Mounts & Portability

Consist stores portable URIs instead of absolute filesystem paths so runs can move between machines without breaking lineage. This page explains how mounts, workspace URIs, and historical path resolution work.

Recommended path

For most workflow code, the recommended path is consist.run(...), consist.trace(...), or consist.scenario(...). This page includes tracker.start_run(...)/consist.log_artifact(...) snippets as low-level examples for path and URI mechanics.


Mounts at a glance

Mounts map a short scheme name to a real path on disk:

from consist import Tracker

tracker = Tracker(
    run_dir="./runs",
    db_path="./provenance.duckdb",
    mounts={
        "inputs": "/shared/inputs",
        "scratch": "/scratch/users/MY_USERNAME",
    },
)

When you log a path under a mount, Consist stores a URI such as:

inputs://land_use.csv
scratch://temp/output.parquet

This keeps provenance portable and lets each user remap mounts on their machine.

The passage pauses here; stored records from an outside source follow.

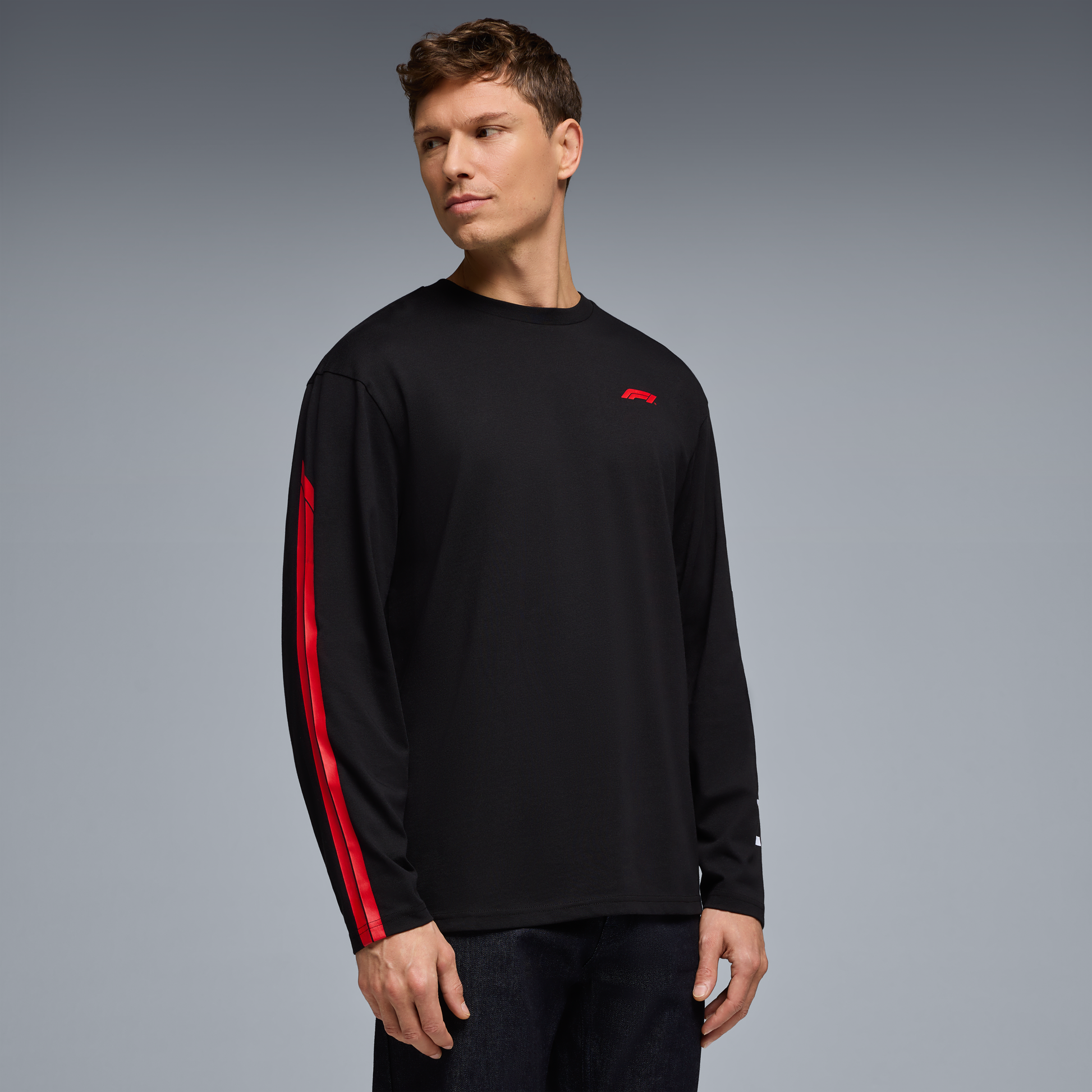 Add sleek motorsport style to your wardrobe with the F1 Racing Line Long Sleeve Tee for men in black. Featuring a classic crew neck, comfortable fit, and official F1 branding, this long-sleeve tee is perfect for race days, casual wear, or layering in everyday Formula 1-inspired style.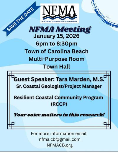 Northend Flood Mitigation Alliance (NFMA) meetings are designed to bring information to help our members better understand issues and possible solutions for flood mitigation and building resilience.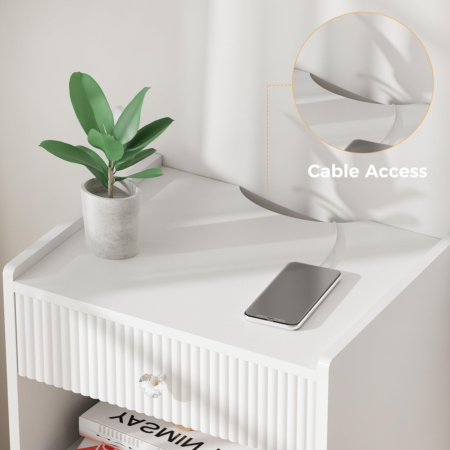 - SLEEK MODERN DESIGN: This floating bedside table, showcasing elegant fluted details and a crisp white finish, seamlessly complements your existing furniture with its simple yet stylish aesthetic. The compact design includes edge protection to prevent items from falling, while a convenient cord hole allows you to discreetly manage cables for a tidier workspace. Combining functionality with decorative appeal, our nightstands are the perfect addition to enhance any room in your home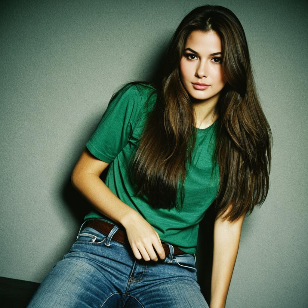 Portrait of a young woman with long brown hair and brown eyes wearing a green shirt and blue jeans. She is sitting against a gray textured wall, looking directly at the camera with a neutral expression.

Example: Shared Research Team

Suppose your team shares a simulation project across machines with different filesystem layouts. Agree on mount names and let each person map them locally.

# Shared setup (agreed upon by the team)
tracker = Tracker(
    run_dir="./runs",
    db_path="./provenance.duckdb",
    mounts={
        "inputs": "/shared/data/activitysim_inputs",      # Shared NFS mount
        "outputs": "/local/activitysim_outputs",          # Local SSD for speed
        "scratch": "/scratch/users/YOUR_USERNAME",        # Temporary workspace
    },
)

On each team member's machine, the paths differ but mount names stay the same:

# Alice's setup
tracker = Tracker(
    run_dir="./runs",
    db_path="./provenance.duckdb",
    mounts={
        "inputs": "/mnt/nfs/activitysim_inputs",
        "outputs": "/home/alice/activitysim_outputs",
        "scratch": "/scratch/alice",
    },
)

# Bob's setup
tracker = Tracker(
    run_dir="./runs",
    db_path="./provenance.duckdb",
    mounts={
        "inputs": "/data/nfs/inputs",
        "outputs": "/var/cache/bob/outputs",
        "scratch": "/tmp/bob_scratch",
    },
)

When Alice logs an output (inside a run context):

with tracker.start_run("asim_baseline", model="activitysim"):
    consist.log_artifact(
        Path("/home/alice/activitysim_outputs/results.parquet"),
        key="results",
        direction="output",
    )

Consist detects the mount and stores a portable URI:

outputs://results.parquet

When Bob retrieves this artifact, Consist resolves it using his mount configuration:

outputs:// → /var/cache/bob/outputs/ → /var/cache/bob/outputs/results.parquet

This is URI portability, not automatic byte replication. Bob only gets a usable local file if his outputs mount points at the same underlying dataset, or if the artifact can be rehydrated another way.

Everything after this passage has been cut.